このケースでは以下のようなメリットがあります。

  • アートディレクションができる
  • Light/Dark モードに対応できる

アートディレクションができる

ここでいうアートディレクションとは、画面サイズに応じて表示される画像を切り替えることを指します。
例えば、デスクトップでは横長の背景画像を表示している場合、モバイルで同じ画像を表示すると縮小されダサくなることは予想できます。
これをモバイルでは、正方形もしくは縦長の画像を表示するような手法です。

next/image は直接このようなことはできないため、picture 要素を使う必要があります。

(個人的には getImgProps はアートディレクションできるようになることが一番のメリットだと思っています)

Light/Dark モードに対応できる

Light/Dark モードに対応したコンポーネントもアートディレクションと同じような理由で picture 要素を使う必要があります。

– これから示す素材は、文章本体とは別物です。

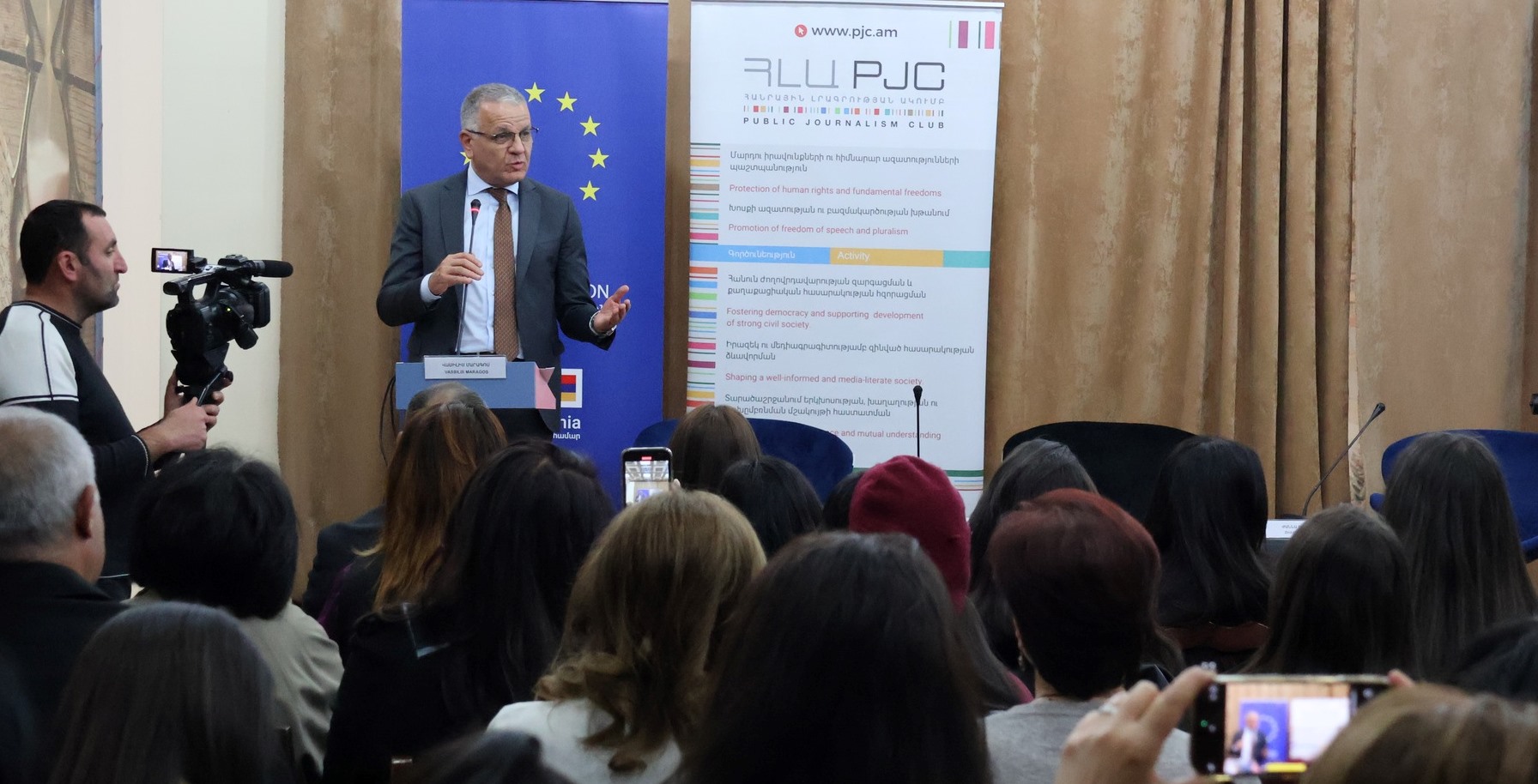 Քննարկմանը մասնակցում էին Հայաստանում ԵՄ պատվիրակության ղեկավար, դեսպան Ն. Գ. Վասիլիս Մարագոսը, ՀՀ Գեղարքունիքի մարզպետ Կարեն Սարգսյանը, ինչպես նաև լրագրողներ, մեդիա մասնագետներ, քաղաքացիական հասարակության ներկայացուցիչներ։ Քննարկմանը մասնակցեցին ԳՊՀ ուսանողներ և դասախոսներ՝ Կառավարման և ֆինանսների ամբիոնի վարիչ Սամվել Ամիրխանյանը, Հաշվապահական հաշվառման ամբիոնի վարիչ Հակոբ Ղուլոյանը, բնագիտատնտեսագիտական ֆակուլտետի դեկանի տեղակալ Մելանյա Գարեյանը, բուհի արտաքին կապերի և լրատվության բաժնի վարիչ Լիլիթ Թոռչյանը, նույն բաժնի մասնագետ Նունե Միրիբյանը, հասարակական գիտությունների ամբիոնի դասախոս Ջուլիետա Մարգարյանը, ուսումնական խորհրդատու Արմինե Ղաջոյանը, Կառավարման և ֆինանսների ամբիոնի դասախոս Սոնա Բագոյանը, ինչպես նաև բնագիտատնտեսագիտական և հումանիտար մասնագիտությունների ֆակուլտետների ուսանողներ։

厳密には CSS の display:none を使用すれば next/image でも実現できますが、1 つの画像を表示するために複数のコンポーネントが必要となりオーバーヘッドも少なからず存在する点やブラウザのネイティブ機能を活用できていない点から、picture 要素を使うほうが望ましいと考えています。

実装例

アートディレクションと Light/Dark モードに対応したコンポーネントはどちらもやることはほぼ同じなため、アートディレクションに対応したコンポーネントを例に挙げます。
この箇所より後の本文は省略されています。